I was thinking about either buying or making a launcher for the surf. Jas anyone either used one or have one? Feedback would be great. Reviews have been great online


----------



## ez2cdave (Oct 13, 2008)

The "elastic"type or the "Potato Gun" type ?


----------



## Jerktherod! (May 18, 2016)

Potato gun type, with compressed air


----------



## ez2cdave (Oct 13, 2008)

Jerktherod! said:


> Potato gun type, with compressed air


YouTube has a lot of videos. The most difficult part is getting the right kind of valve.

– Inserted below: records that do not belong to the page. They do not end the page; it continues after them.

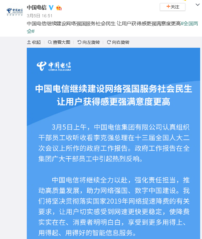 中國電信表示,堅決貫徹落實國家2019年網絡提速降費的有關要求,讓用戶切實感受到網速更快更穩定,使降費實實在在、消費者明明白白,享受到更多用得上、用得起、用得好的智能信息服務。
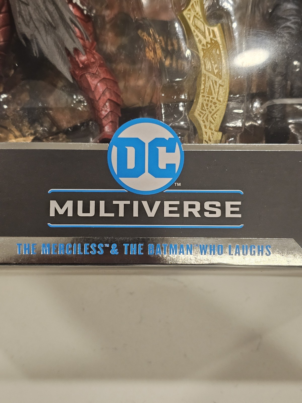 The DC Multiverse The Merciless & The Batman Who Laughs Figures 2 Pack by McFarlane Toys is a collector's edition action figure set pulled straight from the DC Comics events Dark Nights: Metal/Death Metal. This set includes detailed figures of Batman: The Merciless and The Batman Who Laughs, made of plastic material and measuring 7 inches in height. The figures come with a sword and mask/helmet as items included, and are part of the DC Multiverse franchise. This licensed reproduction is a must-have for fans of comic book heroes and collectors of action figures.
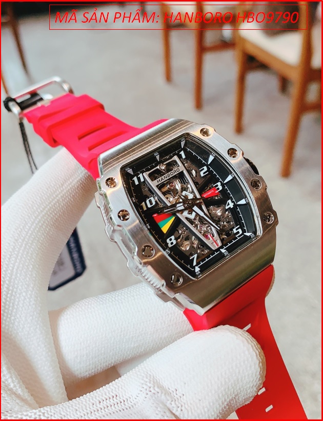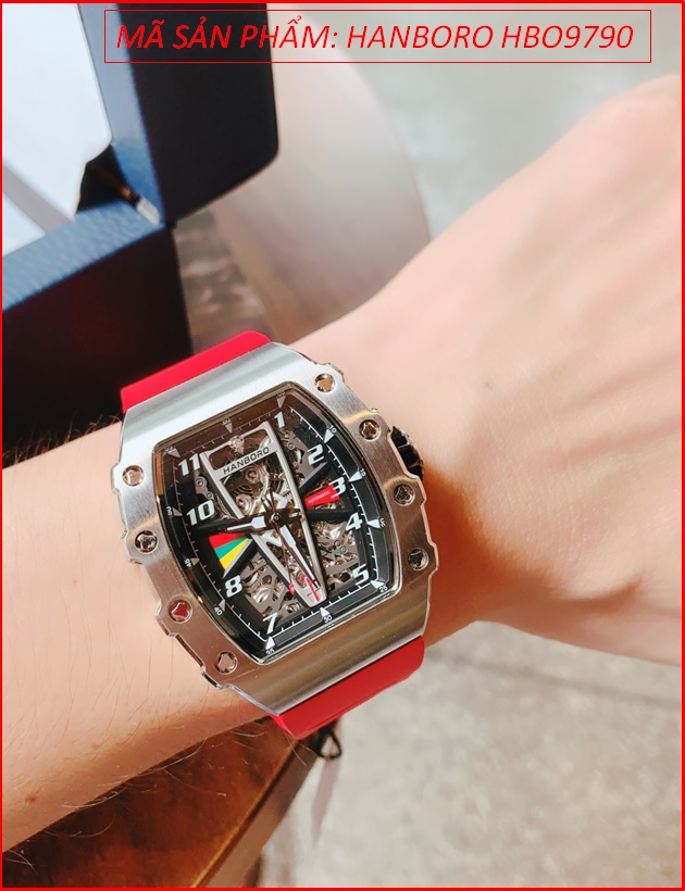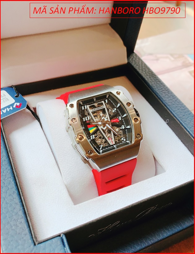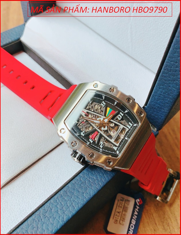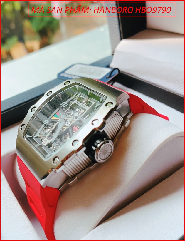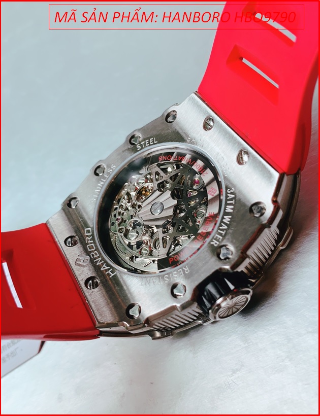 Đồng Hồ Nam Hanboro Automatic Hở Tim Lộ Máy Dây Silicone Đỏ (40x50mm)
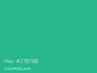 Hex #27b78b Color is a normal green color and the nearest color is Mountain Meadow #30ba8f. Hex code #27b78b and RGB value is rgb(39,183,139). In RGB color space, this color is composed of 15% red, 72% green, 55% blue, In CMYK color space, this color is composed of 79% cyan, 0% magenta, 24% yellow , 28% black , In HSL color space, this color has a hue angle of 162° , 65% saturation and 44% lightness.
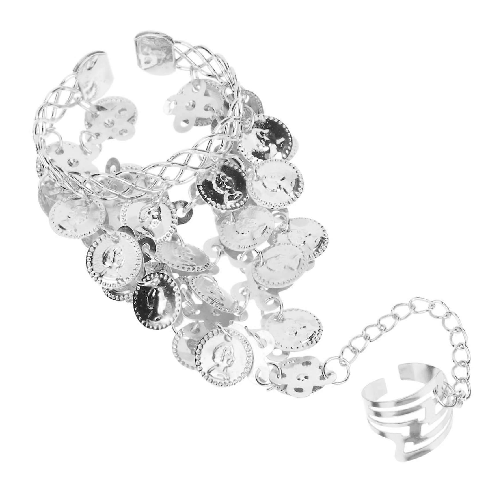2 Pieces Women's Belly Dance Jewelry Set Stylish Metal Belly Chain with Finger Ring Design for Dance Parties Yoga

Be very careful . . . Compressed air can be very dangerous !


----------



## Jerktherod! (May 18, 2016)

I've been doing research. My buddy shoots one off the outer banks and has very good luck. Luck is the key word. I'm always in sc, just wondering if it would be worth it...


----------



## Tim Brown (Jul 22, 2012)

I have an inlaw who built one last year that we used in the Outer Banks. It definitely is a trial and error work in progress - most of all we had a lot of snapped lines or lost bait if it didn't fire just right. I want to say I was using a 60 lb wire and that broke once. It was fun, but we only caught one shark late in the few nights we did it. We tried to only do it at night to avoid any people around. I've had so much success fishing close to the shore in SC I'm not sure I would bother with it down here.


----------



## BubbaHoTep (May 26, 2008)

https://www.youtube.com/watch?feature=player_embedded&v=Y3PX74gr9RM


----------



## Jerktherod! (May 18, 2016)

Nice vid bubba, thanks. I'm glad I got some input. My buddies shoots about 170-185. He also freezes his baits rigged up


----------



## ez2cdave (Oct 13, 2008)

Cool video . . . If you don't want to spend $900 on that commercial model, you can make one for a lot less yourself.


----------